Development of a large-scale wind turbine with a rated power of 4.5 MW
Autor: Aloys Wobben, Managing Director ENERCON GmbH
Abstract:
In the following, the development of the largest wind turbine worldwide with 4.5 MW will be outlined. This
pioneering project was very challenging and it produced outstanding insights and new results in the field of
large-scale wind turbines. The process from the concept of a wind energy converter to its implementation is
very complex and demands a very precise approach. The strategy, to rely on our longtime experience in
turbine building, has proved successful. In February this year, the third converter of this power class was
erected, three more are under construction, severel others have been planned. Series production is being
prepared.
In the course of the past years we
have come closer to the goal to
achieve a proportion of 25 % from
wind energy in Germany. Presently,
wind energy covers approx. 4 % of the
electricity demand. Particularly the
district of Papenburg (East Frisia) with
a share of 54.2 % of wind energy
shows the feasibility of a far higher
share.
By now, ENERCON has installed more
than 6 GW worldwide and more than
6.900 wind turbines respectively.
Beginning in 1984 with the first
generation of wind energy converters, ENERCON looks back to a longtime experience of nearly 20
years as a developer and manufacturer. The know-how that has grown with it helped to implement
larger and larger projects and finally encouraged to build a turbine of a new power class.
Foundation and Tower
In 2001 the first foundation was built in Egeln (near Magdeburg). Considering the soil conditions and
the loads, the flat foundation was constructed with a height of 5 metres and a diameter of 28 m and
consumed 1600 m³ concrete and 154 t steel. Furthermore, the tower was erected in a height of 124
m and a diameter from 12 m (at the bottom) to 4 m (at the top). 1000 m³ concrete and 235 t steel
were used to build it.
Cast Parts
Most of the major components, such as the hub, blade adaptors, axle pin and the main carrier, are
cast parts which are subject to highest qualitiy standards. Only very few foundries are able to meet
these requirements.
The material used for the cast parts is spheroidal graphite cast iron. Before it came to their
fabrication, the components had been precisely calculated and tested by means of simulation. The
production process itself had been very complex concerning its model construction, mould
construction, casting, removement from the mould, finishing and extensive quality control (structural
investigations, ultrasound and x-ray test).
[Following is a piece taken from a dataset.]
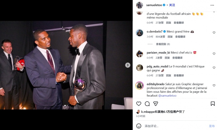 在这份祝贺的帖子下,登贝莱也亲自回应:“感谢你,老大埃托奥!”同时,年轻的姆巴佩也为之点赞,这象征着足球界对这位新王的认可。今晚的夜空更加明亮,属于登贝莱的星辰在召唤未来,而他的故事也将继续激励着下一代的追梦者。
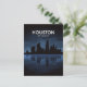 A flat-vector illustration of the Houston skyline silhouetted against a dark, cloudy night sky, with a deep blue reflection shimmering on the water below.

The example of the main carrier gives an idea of the dimension of this complexity: with its height of
3.4 m, length of 5.5 m and width of 4.3 m it consumed 53 t of steel and 850 tons of sand (for the
mould).
Rotor Blades
Because of the hub height and future offshore applications the rotor blades had been designed for
wind class 1. The structure has been appropriately adapted to the size and intended use in order to
guarantee the stability necessary. All three blades, consisting of epoxy resin and glass fibre, were
put through the stress test, and the deformation, resonant frequency and elongation were
thoroughly analysed before they were finally assembled to the turbine. With a weight of 20 t, a
length of 52 m and a surface of 450 m², these rotor blades needed a purpose-built vehicle to be
transported to the construction site in Egeln (near Magdeburg).
Assembly
The assembly of the 4.5 MW turbine was a challenge on itself. The components of the nacelle were
first assembled on-site into modules, none of which weighed more than 110 t. These were then
lifted by two cranes, sometimes working in tandem, and were then mounted in position. Afterwards,
the generator consisting of the stator and the rotor, the hub, the nacelle cover and finally the three
rotor blades were lifted one by one to a height of 124 m where they were fitted together.
In Operation
By now, the power measurements of the E-112 are finished. Official sound measurements are
carried out when wind blows adequately. Internal measurements are already completed.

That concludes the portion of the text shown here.